Но вслед за отсылкой Бенигсена к армии приехал великий князь Константин Павлович, делавший начало кампании и удаленный из армии Кутузовым. Теперь великий князь, приехав к армии, сообщил Кутузову о неудовольствии государя императора за слабые успехи наших войск и за медленность движения. Государь император сам на днях намеревался прибыть к армии.
Старый человек, столь же опытный в придворном деле, как и в военном, тот Кутузов, который в августе того же года был выбран главнокомандующим против воли государя, тот, который удалил наследника и великого князя из армии, тот, который своей властью, в противность воле государя, предписал оставление Москвы, этот Кутузов теперь тотчас же понял, что время его кончено, что роль его сыграна и что этой мнимой власти у него уже нет больше. И не по одним придворным отношениям он понял это. С одной стороны, он видел, что военное дело, то, в котором он играл свою роль, – кончено, и чувствовал, что его призвание исполнено. С другой стороны, он в то же самое время стал чувствовать физическую усталость в своем старом теле и необходимость физического отдыха.
29 ноября Кутузов въехал в Вильно – в свою добрую Вильну, как он говорил. Два раза в свою службу Кутузов был в Вильне губернатором. В богатой уцелевшей Вильне, кроме удобств жизни, которых так давно уже он был лишен, Кутузов нашел старых друзей и воспоминания.
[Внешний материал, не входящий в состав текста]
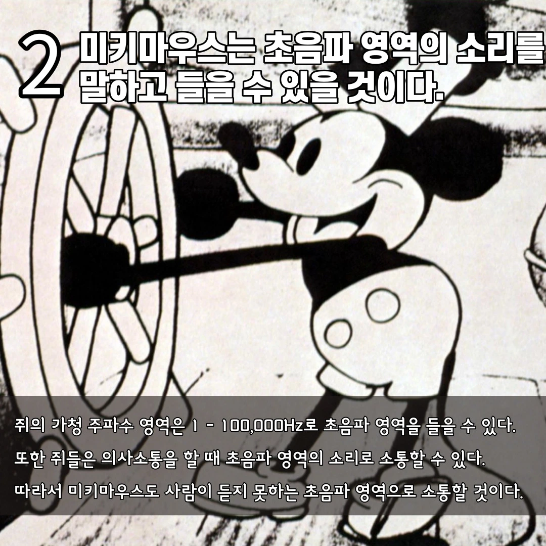 미키마우스 역시 사람은 내지 못하는 초음파 소리를 통해서 다른 쥐들과 소통할 수 있을 것으로 예상되는데요. 만약 미키마우스가 입만 뻐끔거리고 소리가 들리지 않는다면 초음파로 다른 쥐들과 이야기하는 것일 수도 있겠습니다.
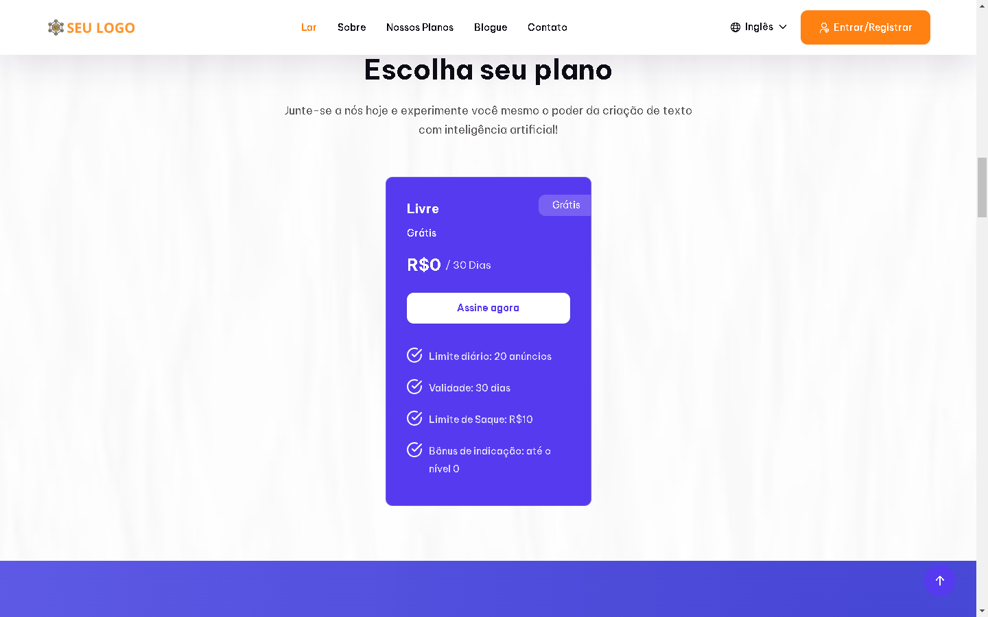 assinatura Todo o plano de assinatura pode ser mostrado aqui, criado pelo administrador.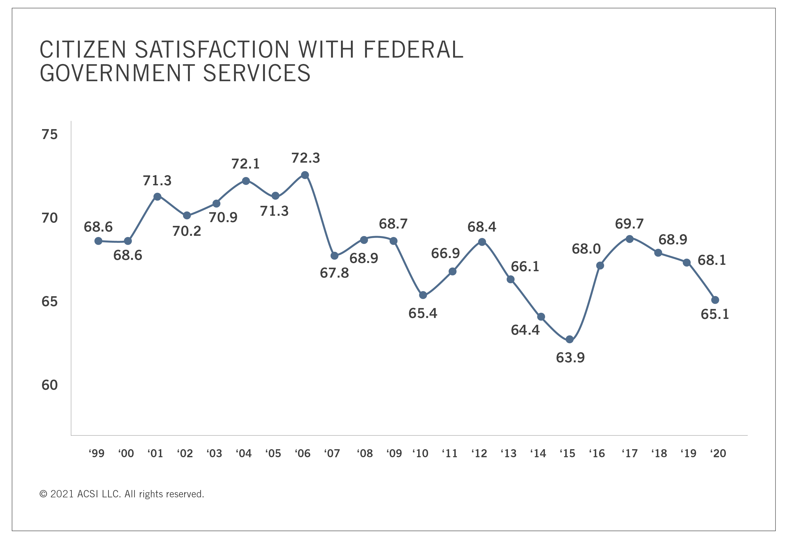 Citizen satisfaction plummets 4.4% to a score of 65.1 (out of 100), according to the American Customer Satisfaction Index’s (ACSI®) Federal Government Report 2020.

И он, вдруг отвернувшись от всех военных и государственных забот, погрузился в ровную, привычную жизнь настолько, насколько ему давали покоя страсти, кипевшие вокруг него, как будто все, что совершалось теперь и имело совершиться в историческом мире, нисколько его не касалось.
Чичагов, один из самых страстных отрезывателей и опрокидывателей, Чичагов, который хотел сначала сделать диверсию в Грецию, а потом в Варшаву, но никак не хотел идти туда, куда ему было велено, Чичагов, известный своею смелостью речи с государем, Чичагов, считавший Кутузова собою облагодетельствованным, потому что, когда он был послан в 11 м году для заключения мира с Турцией помимо Кутузова, он, убедившись, что мир уже заключен, признал перед государем, что заслуга заключения мира принадлежит Кутузову; этот то Чичагов первый встретил Кутузова в Вильне у замка, в котором должен был остановиться Кутузов. Чичагов в флотском вицмундире, с кортиком, держа фуражку под мышкой, подал Кутузову строевой рапорт и ключи от города. То презрительно почтительное отношение молодежи к выжившему из ума старику выражалось в высшей степени во всем обращении Чичагова, знавшего уже обвинения, взводимые на Кутузова.
Разговаривая с Чичаговым, Кутузов, между прочим, сказал ему, что отбитые у него в Борисове экипажи с посудою целы и будут возвращены ему.
– C'est pour me dire que je n'ai pas sur quoi manger… Je puis au contraire vous fournir de tout dans le cas meme ou vous voudriez donner des diners, [Вы хотите мне сказать, что мне не на чем есть. Напротив, могу вам служить всем, даже если бы вы захотели давать обеды.] – вспыхнув, проговорил Чичагов, каждым словом своим желавший доказать свою правоту и потому предполагавший, что и Кутузов был озабочен этим самым. Кутузов улыбнулся своей тонкой, проницательной улыбкой и, пожав плечами, отвечал: – Ce n'est que pour vous dire ce que je vous dis. [Я хочу сказать только то, что говорю.]